Dataset items
▬▬▬▬▬▬▬▬▬▬

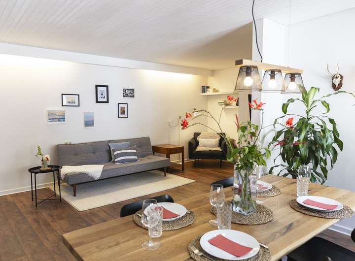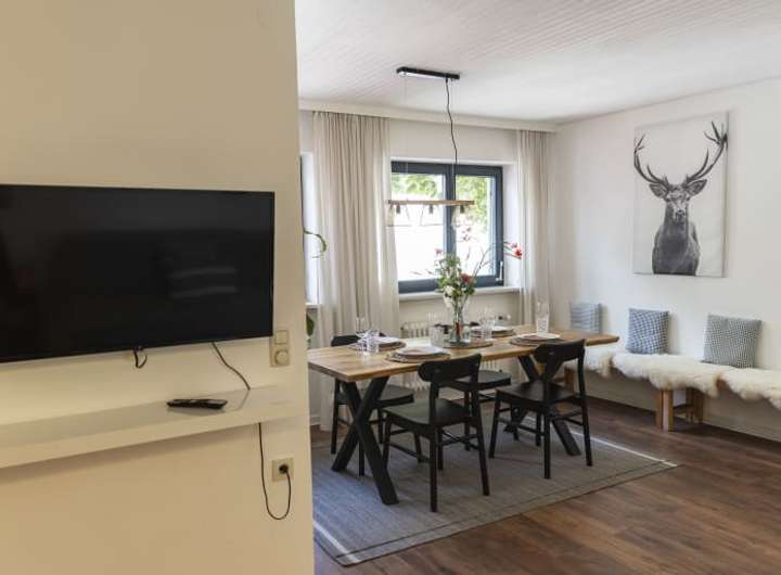Der helle Wohnbereich ist geschmackvoll eingerichtet mit Couch, Sesseln und Smart-TV. Die angrenzende Essecke mit Holztisch, Stühlen und Sitzbank schafft eine angenehme Atmosphäre für gemeinsame Mahlzeiten und Gespräche.
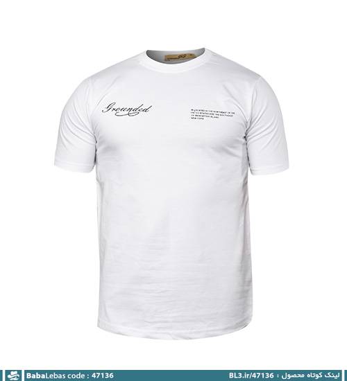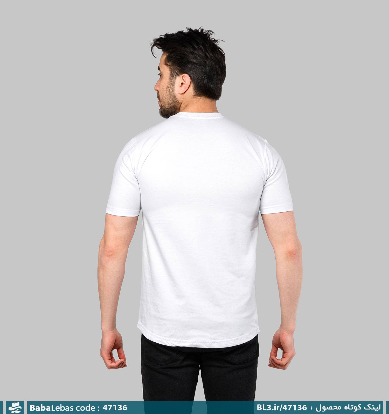 تیشرت یقه گرد مردانه سفید طرح دار مدل 47136
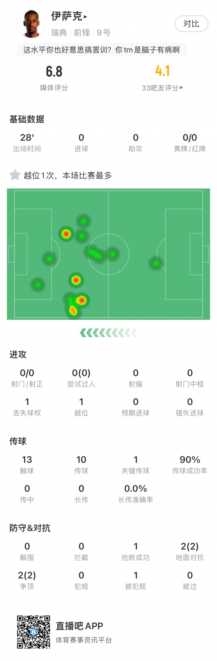 1.4亿瑞典第孤单价!伊萨克替补半小时0射门 本届世初赛于今0进球
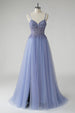 ZAPAKA Frauen Glitzerndes Graublaues A-Linie Tüll Ballkleid mit Schlitz Spaghettiträger Perlenbesetztes Abendkleid
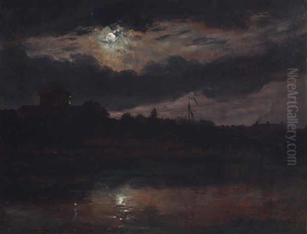 Johan Christian Clausen Dahl's Dresden by Moonlight (likely painted c. 1839) is a mesmerizing example of Romantic landscape painting, where the German city glows under an ethereal lunar light. Dahl, a Norwegian master often associated with German Romanticism, captures Dresden’s silhouette—the Frauenkirche dome, the Elbe River’s shimmer—with loose, expressive brushwork, contrasting the tranquility of night with the drama of looming clouds. The painting’s mood oscillates between poetic serenity and sublime mystery, hallmark traits of the era’s fascination with nature’s emotional power. As a pivotal figure in the Dresden Art Academy and a close friend of Caspar David Friedrich, Dahl bridged Nordic and German Romantic traditions, making this work significant for its technical mastery and its role in shaping 19th-century European landscape art. The luminescent treatment of moonlight, a recurring motif in Dahl’s oeuvre, reflects his scientific interest in atmospheric effects, later influencing the Düsseldorf School.

▬▬▬▬▬▬▬▬▬▬

• HOW TO COMPLETE THIS TASK: Could you reproduce every record above exactly, leaving out any pictures?

• WRITTEN ANSWER:
Der helle Wohnbereich ist geschmackvoll eingerichtet mit Couch, Sesseln und Smart-TV. Die angrenzende Essecke mit Holztisch, Stühlen und Sitzbank schafft eine angenehme Atmosphäre für gemeinsame Mahlzeiten und Gespräche.
 تیشرت یقه گرد مردانه سفید طرح دار مدل 47136
 1.4亿瑞典第孤单价!伊萨克替补半小时0射门 本届世初赛于今0进球
 ZAPAKA Frauen Glitzerndes Graublaues A-Linie Tüll Ballkleid mit Schlitz Spaghettiträger Perlenbesetztes Abendkleid
 Johan Christian Clausen Dahl's Dresden by Moonlight (likely painted c. 1839) is a mesmerizing example of Romantic landscape painting, where the German city glows under an ethereal lunar light. Dahl, a Norwegian master often associated with German Romanticism, captures Dresden’s silhouette—the Frauenkirche dome, the Elbe River’s shimmer—with loose, expressive brushwork, contrasting the tranquility of night with the drama of looming clouds. The painting’s mood oscillates between poetic serenity and sublime mystery, hallmark traits of the era’s fascination with nature’s emotional power. As a pivotal figure in the Dresden Art Academy and a close friend of Caspar David Friedrich, Dahl bridged Nordic and German Romantic traditions, making this work significant for its technical mastery and its role in shaping 19th-century European landscape art. The luminescent treatment of moonlight, a recurring motif in Dahl’s oeuvre, reflects his scientific interest in atmospheric effects, later influencing the Düsseldorf School.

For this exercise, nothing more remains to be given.